Unlike the revolution of the Earth around the sun, the New Right revolutions are not seeking to return to a prior location. For neo-reactionaries, modernity is a dark age characterized by the rule of the weak over the strong: Technological rationality allows for an “objective” method of return to the “proper” structures of power that precede modernity’s enfeebling democracy (e.g: monarchy, aristocracy) without any material turn away from capitalist science and industry. Though seemingly opposed to the avowed myth-making and heroic irrationalism of Nazi philosophy, we see in both the neo-reactionaries’ techno-fetishism and Hollow Earth anti-Semitic cosmology a claim toward the “one true science” that has been perverted or silenced by the masses. Aryan or technological, “scientific truth” proves equally helpful in revealing the motions of heavenly bodies as appointing their deserving masters.

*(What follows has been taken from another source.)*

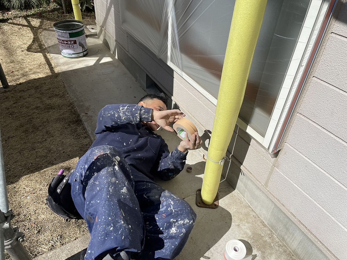 皆さんこんにちは!山田塗装店ピーちゃんです!!今日の職人さん、地面に寝そべって何をしているでしょう...?実はこれ、綺麗に塗装をするために必要な作業で塗装をする前に養生テープで養生をしているんだピヨ(^^)/塗料が飛んでもテープで保護されているおかげで真っすぐ綺麗な塗装ができるんだピヨ(*´ω`*)こういった職人さんたちの細かな作業の頑張りが仕上がりに繋がってくるんだねっ(^_-)-☆

These ideas are not exclusive to certain corners of the Internet but have a broad enough appeal to be the central logic behind a Hollywood blockbuster. On a quest to save humanity from an Earth consumed with “blight,” Interstellar’s Carhartt-wearing übermensch Cooper (Matthew McConaughey) flies through a mysterious wormhole to a solar system with a black hole at its center. In suicidal sacrifice, he flies into the heart of that black sun, allowing his instruments to gather data essential to the development of quantum physics. He wakes up in a hospital bed and hears the crack of a baseball bat. Looking out the window, he sees children playing baseball in an American suburb recreated in a space station. He reunites with his daughter, now over a hundred years old, who tells him his sacrifice has saved humanity.

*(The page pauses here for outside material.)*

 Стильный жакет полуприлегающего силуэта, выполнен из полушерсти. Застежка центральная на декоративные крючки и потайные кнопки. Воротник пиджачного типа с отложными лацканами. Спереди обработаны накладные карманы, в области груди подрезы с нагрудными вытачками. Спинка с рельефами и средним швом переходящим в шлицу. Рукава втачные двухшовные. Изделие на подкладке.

Interstellar’s paligentic Lazarus Project seems to argue that science will save humanity from itself, but the project only succeeds through a revelation of ultimate truth, achieved through faith, suicidal heroism, and the primacy of filial love. The home-exile dialectic is overcome, but domination remains. The issues of class, race, and patriarchy are clearly outside of Christopher Nolan’s abilities to portray. The reactionary project similarly burrows into the nationalist dirt: The U.S. flag flies proudly beside the flag of the scientific future above a new suburb, same as the old suburb but with no actual urban core: a perfect white outpost built in the cold darkness of space.

Through cult ritual, black suns, or wormholes these fascists expect to find shortcuts around the chaos of humans acting freely together. But even in the autonomous council such ideologies recur, seeking always to restore some “natural” hierarchy. Today it’s clear that the future order of society is in the grassroots, but the soil and sunlight are still up for grabs.